Segment Open
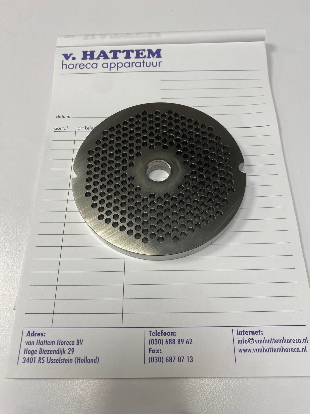 Betreft 1 plaat met 3,5 mm gaatjes tbv FAMA gehaktmolen type 32 (art. 410.132)
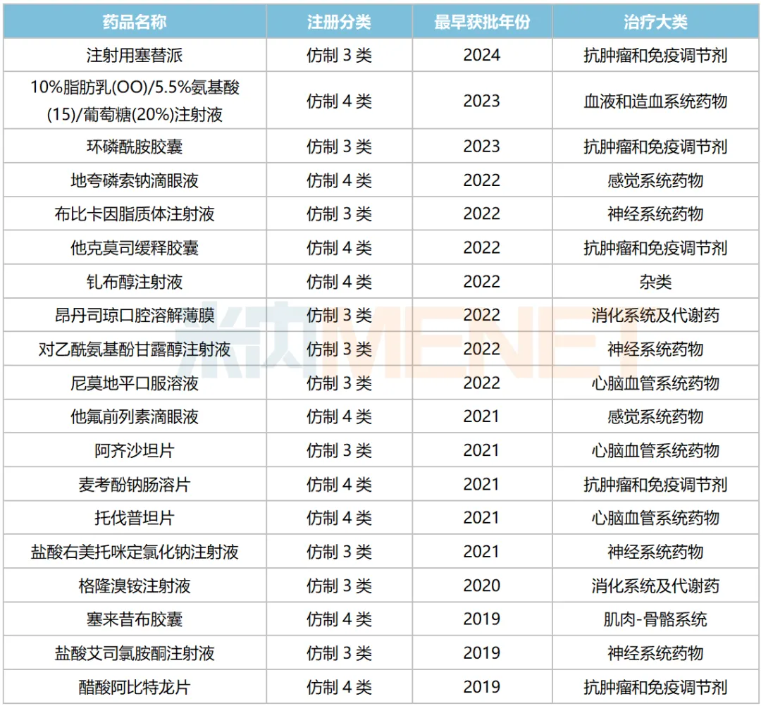 据不完全统计,2019年以来,公司有19个首仿(含剂型首仿)在国内获批生产并视同过评,其中注射用塞替派、环磷酰胺胶囊、布比卡因脂质体注射液、昂丹司琼口腔溶解薄膜、盐酸艾司氯胺酮注射液至今仍为独家品种,10%脂肪乳(OO)/5.5%氨基酸(15)/葡萄糖(20%)注射液至今仍为国产独家品种。
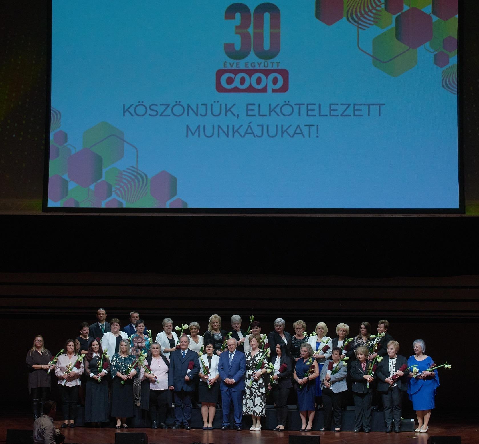 A 30 éves jubileumi ünnepségen tartott beszédében Pekó László, a Co-op Hungary Zrt. igazgatóságának elnöke kiemelte: az elmúlt 30 évet a folyamatosan változó üzleti környezetnek való megfelelés, a fejlesztés és az innováció jellemezte, azonban a Coop életében állandóan jelen voltak azok az értékek – a minőség iránti elhivatottság, a felelős fejlődés, a magyar vidék iránti elkötelezettség, a hazai termékek támogatása, a közösségi szerepvállalás, a nemzeti öntudat és a teljesítmény elismerése –, amelyek három évtizede kötik össze az üzletláncot a szűkebb és tágabb környezetével, és amelyek megfelelő alapot jelentenek a következő 30 évre.
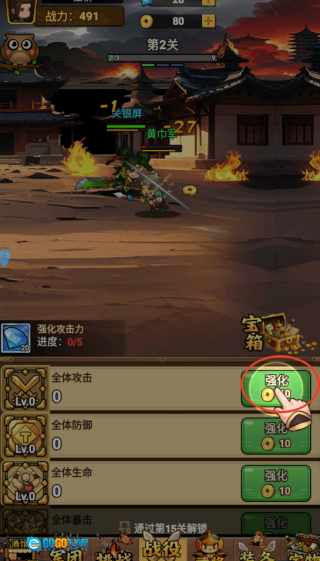 2、点击“开始战斗”按钮,通过点击“强化”功能提升英雄的攻击力,以此来挑战更多其他英雄。
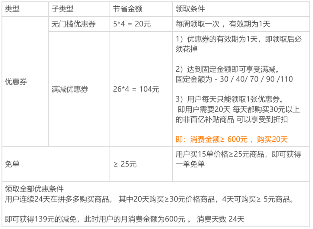 1)吸引用戶的最主要原因是月卡設(shè)置了足夠吸引人的價(jià)格優(yōu)惠,給用戶提供了補(bǔ)貼。讓用戶在拼多多停留更長(zhǎng)時(shí)間,并在這里完成了多次的消費(fèi)。
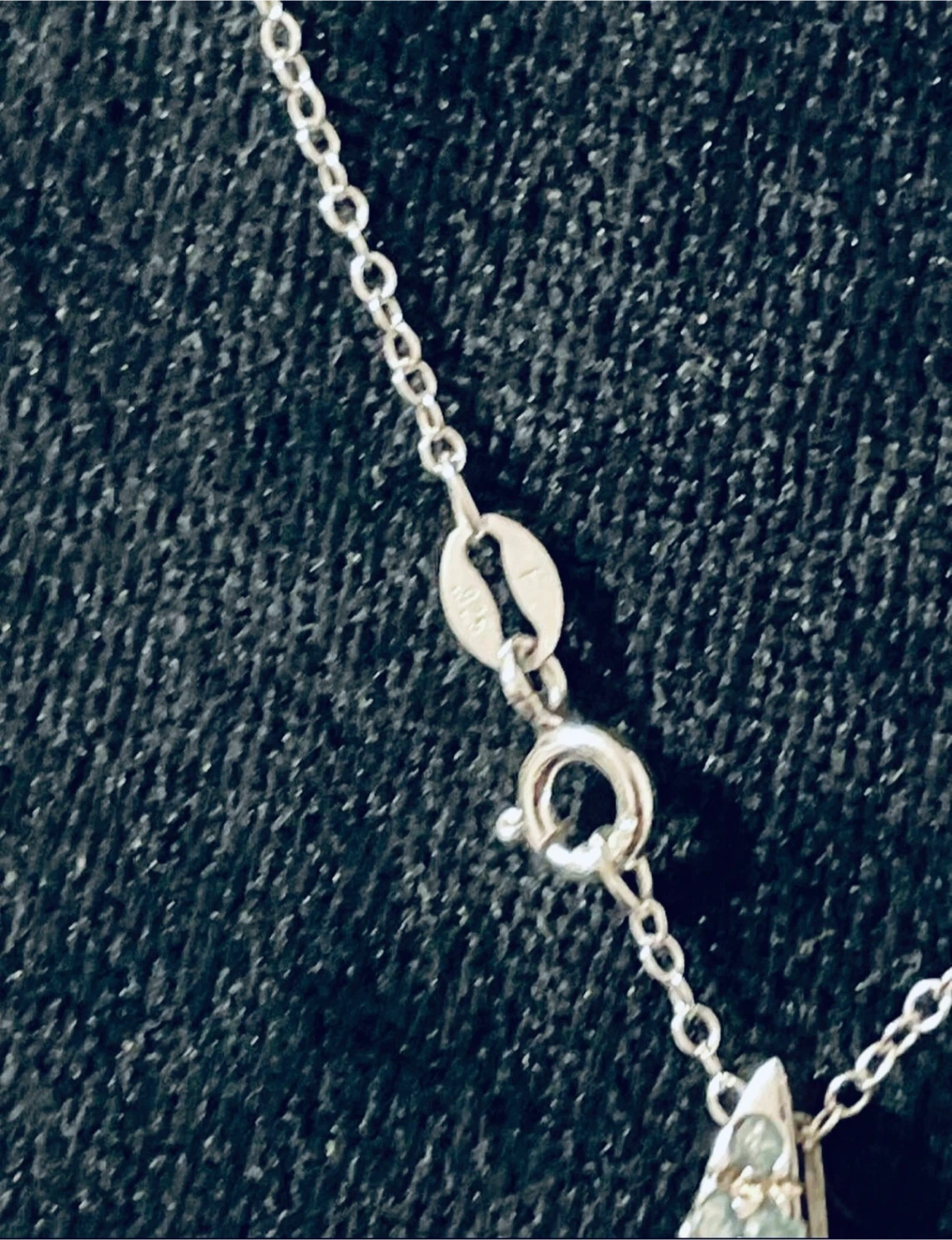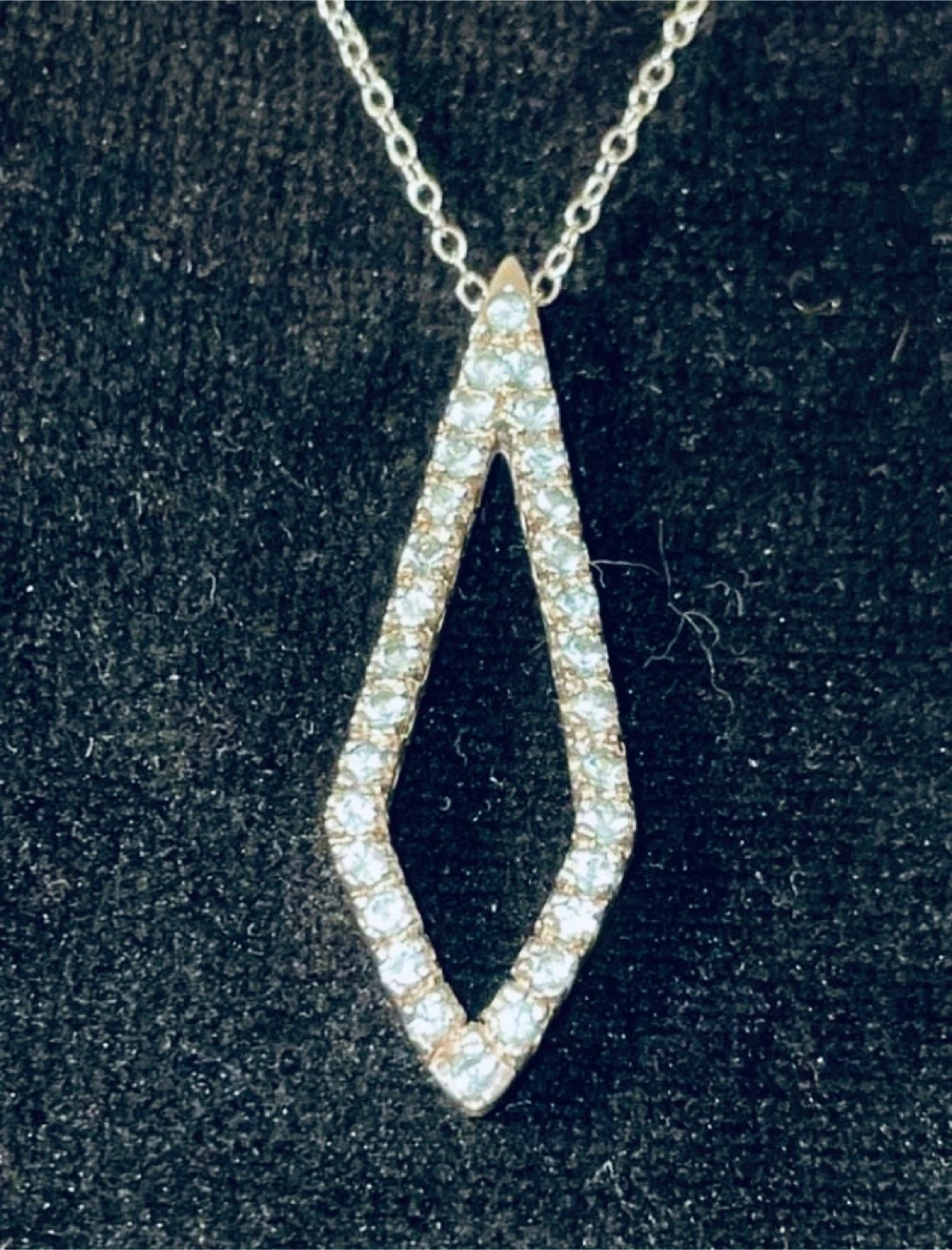 A 925 sterling silver necklace featuring a diamond-shaped pendant adorned with Genuine light blue Topaz stones.
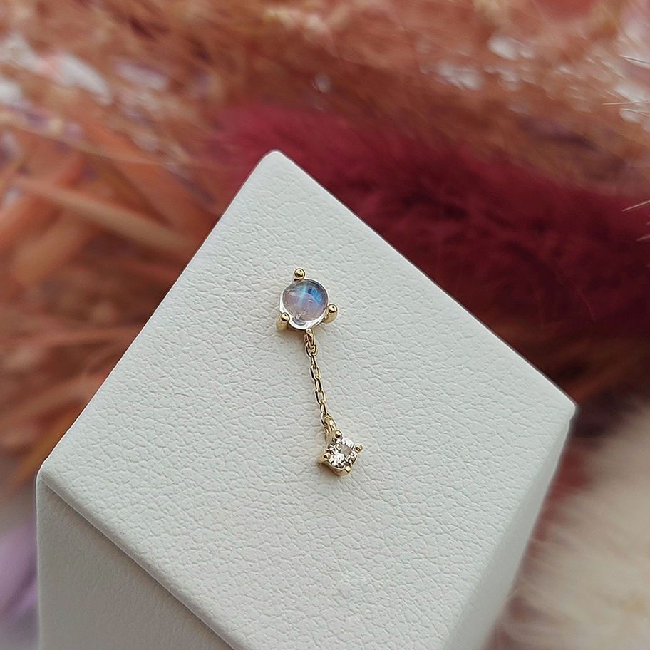 Pierres : (1) 3 x 2.5mm cabochon pierre de lune bleue et (1) 2mm Saphir blanc
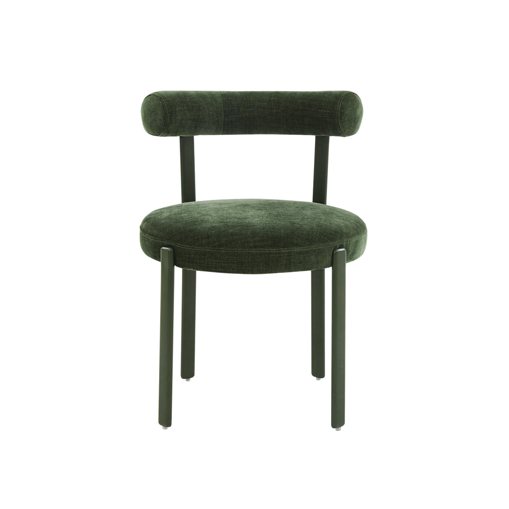 Meet Margaret! She's the perfect embodiment of sculptural design and retro-Memphis style. This stunning chair is expertly crafted to bring a modern pop to any dining space.The backrest and seat are upholstered in a soft fabric that adds a touch of luxury and texture to the overall design. The comfortable seat cushion provides support and comfort, making it perfect for long dinner parties and gatherings.
Segment Closed
| EXERCISE GOAL |
Render the data above verbatim and without pictures.

| WORKED SOLUTION |
 Betreft 1 plaat met 3,5 mm gaatjes tbv FAMA gehaktmolen type 32 (art. 410.132)
 据不完全统计,2019年以来,公司有19个首仿(含剂型首仿)在国内获批生产并视同过评,其中注射用塞替派、环磷酰胺胶囊、布比卡因脂质体注射液、昂丹司琼口腔溶解薄膜、盐酸艾司氯胺酮注射液至今仍为独家品种,10%脂肪乳(OO)/5.5%氨基酸(15)/葡萄糖(20%)注射液至今仍为国产独家品种。
 A 30 éves jubileumi ünnepségen tartott beszédében Pekó László, a Co-op Hungary Zrt. igazgatóságának elnöke kiemelte: az elmúlt 30 évet a folyamatosan változó üzleti környezetnek való megfelelés, a fejlesztés és az innováció jellemezte, azonban a Coop életében állandóan jelen voltak azok az értékek – a minőség iránti elhivatottság, a felelős fejlődés, a magyar vidék iránti elkötelezettség, a hazai termékek támogatása, a közösségi szerepvállalás, a nemzeti öntudat és a teljesítmény elismerése –, amelyek három évtizede kötik össze az üzletláncot a szűkebb és tágabb környezetével, és amelyek megfelelő alapot jelentenek a következő 30 évre.
 2、点击“开始战斗”按钮,通过点击“强化”功能提升英雄的攻击力,以此来挑战更多其他英雄。
 1)吸引用戶的最主要原因是月卡設(shè)置了足夠吸引人的價(jià)格優(yōu)惠,給用戶提供了補(bǔ)貼。讓用戶在拼多多停留更長(zhǎng)時(shí)間,并在這里完成了多次的消費(fèi)。
 A 925 sterling silver necklace featuring a diamond-shaped pendant adorned with Genuine light blue Topaz stones.
 Pierres : (1) 3 x 2.5mm cabochon pierre de lune bleue et (1) 2mm Saphir blanc
 Meet Margaret! She's the perfect embodiment of sculptural design and retro-Memphis style. This stunning chair is expertly crafted to bring a modern pop to any dining space.The backrest and seat are upholstered in a soft fabric that adds a touch of luxury and texture to the overall design. The comfortable seat cushion provides support and comfort, making it perfect for long dinner parties and gatherings.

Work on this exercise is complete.